As another commenter pointed out, you can give context for the decoder. So you can feed previous chunks into the model as the context. This is how we do it for streaming, at least.

sidhire · on Nov 6, 2023

I've built a Google Docs-like doc editor that has real-time Whisper transcription built in. It's not released yet, but message me if you'd like to try it out!

GaggiX · on Nov 7, 2023

This is great, but I hope in the future there would be a speech-to-text model with a focus on low-resource languages, probably by balancing the dataset similar to No Language Left Behind (NLLB) released by Meta, it's a translation model that works really well even with low-resource languages, it would be really cool something similar for speech transcription.

ComputerGuru · on Nov 6, 2023

They say whisper-3 will be available via the api soon. Does anyone know why only whisper-1 was ever made available via the api (no whisper-2)?

bakkoting · on Nov 6, 2023

The endpoint was just confusingly named:

> The Whisper v2-large model is currently available through our API with the whisper-1 model name.

https://platform.openai.com/docs/models/whisper

jadbox · on Nov 7, 2023

That's a very confusing direction to have your own whisper versioning. It may be better to call the model something different to differentiate versioning.

ComputerGuru · on Nov 6, 2023

Oh. lol.

Thanks for pointing that out, it's appreciated.

Void_ · on Nov 6, 2023

> Developers can now use our open-source Whisper large-v2 model in the API with much faster and cost-effective results.

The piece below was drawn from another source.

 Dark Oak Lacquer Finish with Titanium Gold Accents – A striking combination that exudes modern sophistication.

https://openai.com/blog/introducing-chatgpt-and-whisper-apis

Topfi · on Nov 6, 2023

whisper-large-v2 was/is available via API from OpenAI, simply wasn't as much of a focus in their recent communications.

csjh · on Nov 7, 2023

Only 3GB, interesting to see how small SOTA models in other domains are compared to LLMs like Falcon-180B.

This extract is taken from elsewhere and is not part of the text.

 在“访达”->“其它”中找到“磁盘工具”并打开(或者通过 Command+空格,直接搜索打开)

adgjlsfhk1 · on Nov 7, 2023

There are 2 issues here. The first is that speech to text is a lot more useful if it can run realtime which puts upper limits on model size. The bigger reason however, is probably that there's a lot less data for text to speech.

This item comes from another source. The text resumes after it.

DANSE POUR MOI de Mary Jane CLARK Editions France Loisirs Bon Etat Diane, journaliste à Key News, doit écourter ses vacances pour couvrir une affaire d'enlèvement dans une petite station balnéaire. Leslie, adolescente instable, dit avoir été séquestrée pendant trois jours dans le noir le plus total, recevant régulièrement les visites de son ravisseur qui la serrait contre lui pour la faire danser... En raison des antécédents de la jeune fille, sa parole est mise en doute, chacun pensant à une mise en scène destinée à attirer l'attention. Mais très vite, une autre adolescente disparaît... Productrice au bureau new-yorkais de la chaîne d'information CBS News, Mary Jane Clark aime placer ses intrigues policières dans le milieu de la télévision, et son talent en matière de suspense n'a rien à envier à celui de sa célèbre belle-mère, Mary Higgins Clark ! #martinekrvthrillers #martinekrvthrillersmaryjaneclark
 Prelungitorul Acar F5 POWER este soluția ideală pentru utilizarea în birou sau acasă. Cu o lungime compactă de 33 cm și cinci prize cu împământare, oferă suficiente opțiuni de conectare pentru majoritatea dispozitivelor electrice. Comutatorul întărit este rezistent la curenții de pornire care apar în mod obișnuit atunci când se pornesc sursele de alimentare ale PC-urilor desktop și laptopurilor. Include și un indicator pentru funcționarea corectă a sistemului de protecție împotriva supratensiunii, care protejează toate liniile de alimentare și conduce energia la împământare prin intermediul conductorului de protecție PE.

singularity2001 · on Nov 6, 2023

did they break the api?

from openai import OpenAI

Traceback (most recent call last): File "<stdin>", line 1, in <module> ImportError: cannot import name 'OpenAI' from 'openai'

If so where is the current documentation?

joshspankit · on Nov 7, 2023

Does anyone know if it’s able to do diarization with 3?

RockRobotRock · on Nov 7, 2023

look into WhisperX

joshspankit · on Nov 10, 2023

Promising project for my needs. Thank you

spandextwins · on Nov 7, 2023

With comments GitHub looks like HN except one less click to click.

tomrod · on Nov 6, 2023

Word from my GenAI contact is that this (or similar announcement) replaces the need for RAG.

danielbln · on Nov 6, 2023

An ASR model replaces RAG?!

tekacs · on Nov 6, 2023

Pretty sure they're confusing it with the Retrieval feature added to the Assistants API: https://platform.openai.com/docs/assistants/tools/knowledge-...

tomrod · on Nov 6, 2023

I was. Much obliged for the correction.